A w czasie sprzatania polozyłęm wypucowaną kuwetę, w to kibelek i nasypalem żwirku. Wracam po kilku minutach ...a tam swieża kupa Troche sie rozczulilem, ze mam takie grzeczne ogony :3
Wygłaszczę pózniej, bo na razie mi ręce pachną chlorem od pucowania i ekipa sie boi (raz na kilka myć pucuję kuwetę rozcieńczonym domestosem oprócz Ludwika).

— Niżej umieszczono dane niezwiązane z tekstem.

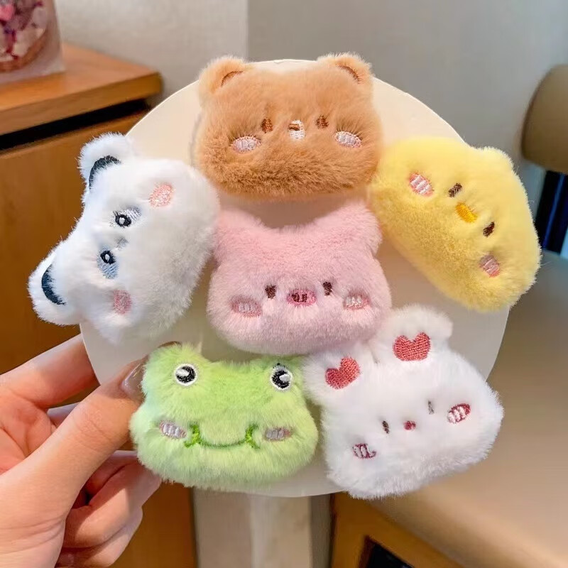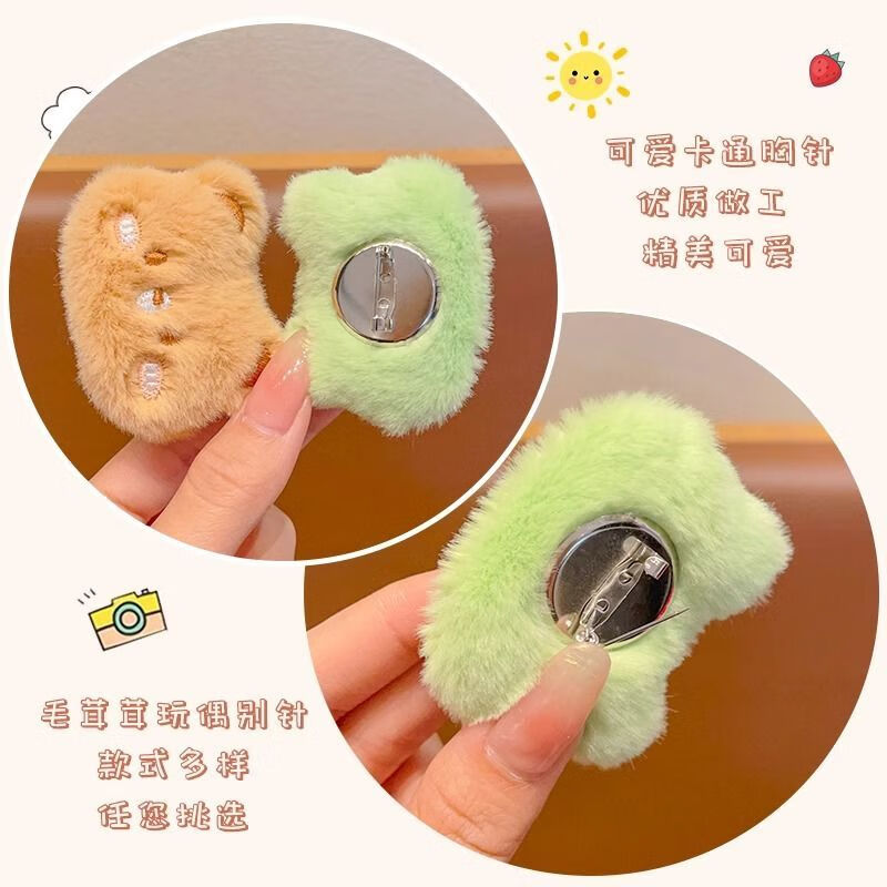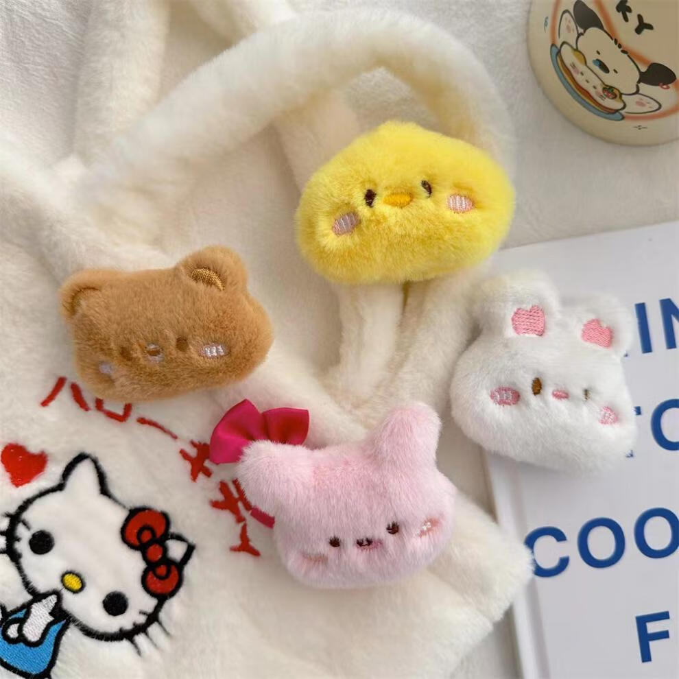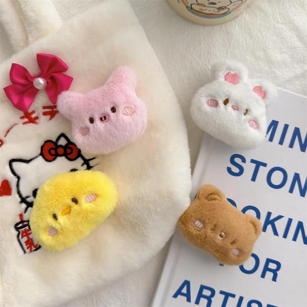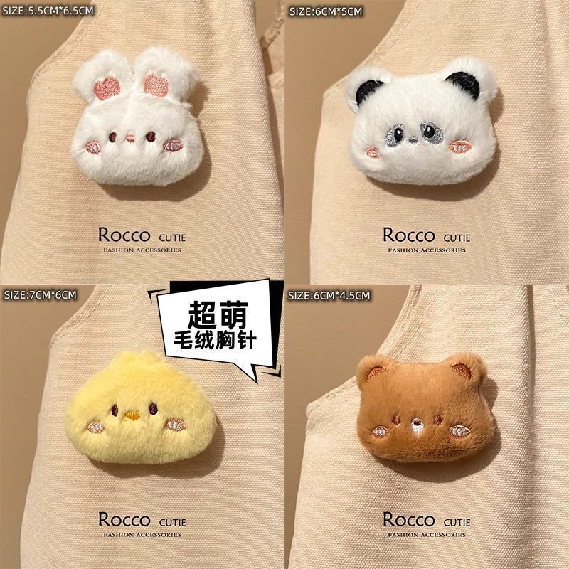 Including spring flower cartoon plush doll brooch, rabbit, kitten, bear, frog, bag, clothing pin, accessories, girl decorative pendant, great value 6-piece set-cartoon brooch
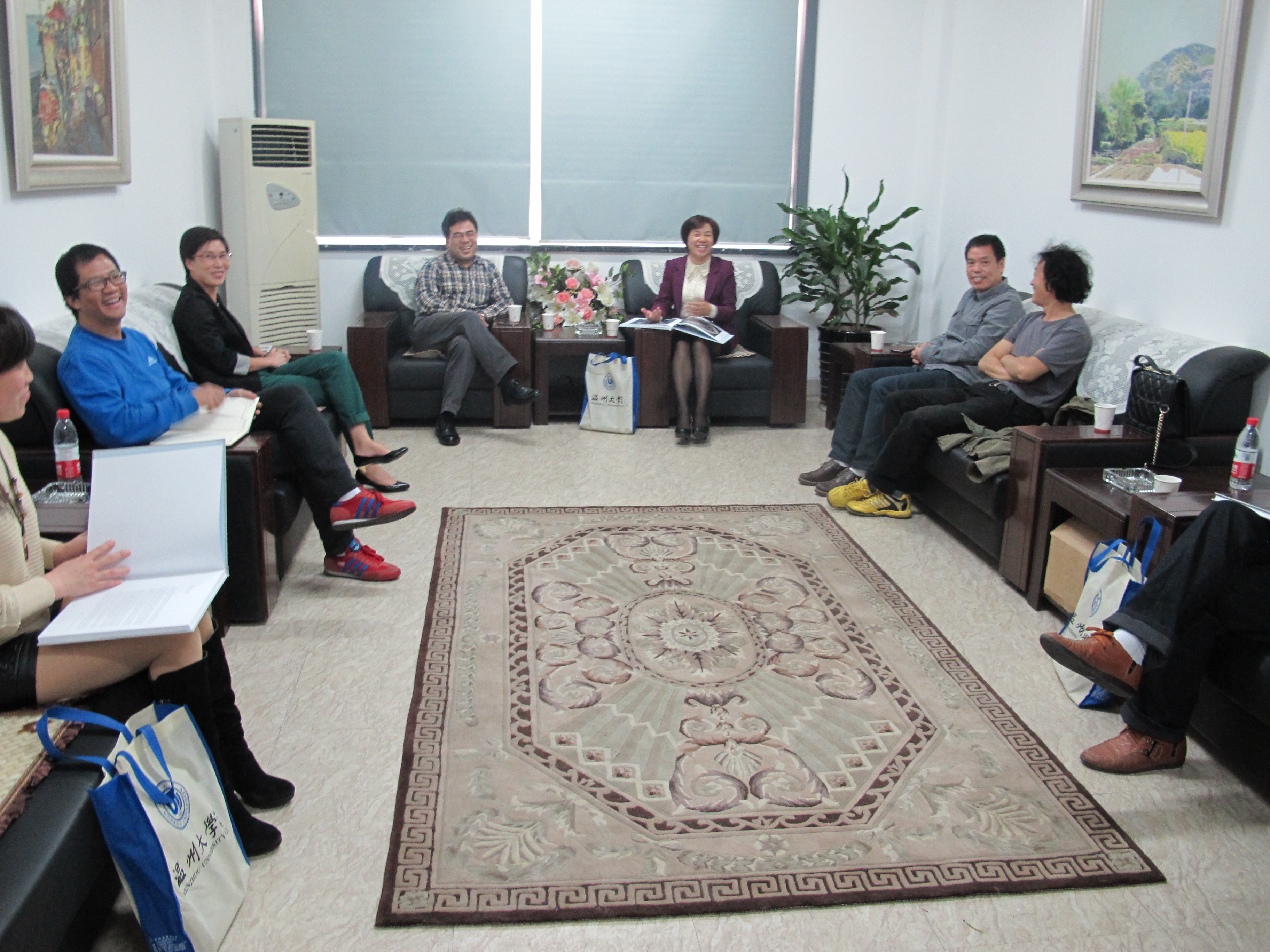 2013年10月25日,青田中山中学校长严银红一行五人来开元官网参观交流。院长李运河、党总支书记郑彩莲、副院长蔡可群等出席了座谈会。

Jak szoruję kuwety w łazience, to towarzystwo biega po pokoju. No i wracam co jakiś czas, już to z kuwetą, już to z miską. Pcheła też biegała bez nadzoru, bo nie bylo duzych kłótni. W kazdym razie oczywiscie Białe zwiedza. Szukam i słysze jak tupie pod lózkiem. Dała się wyciągnąć i poleciala na półke. Potem wróciłem po raz ostatni i wkaldam towarzystwo do klatki. Białej nie ma. Hm.. Się znajdzie.
No i sie znalazła po chwili, nie wiem gdzie była, ale jak stałem przy klatce i szafce, to mi zrobila desant na nogę
Paul_Julian pisze:(...)Białej nie ma. Hm.. Się znajdzie.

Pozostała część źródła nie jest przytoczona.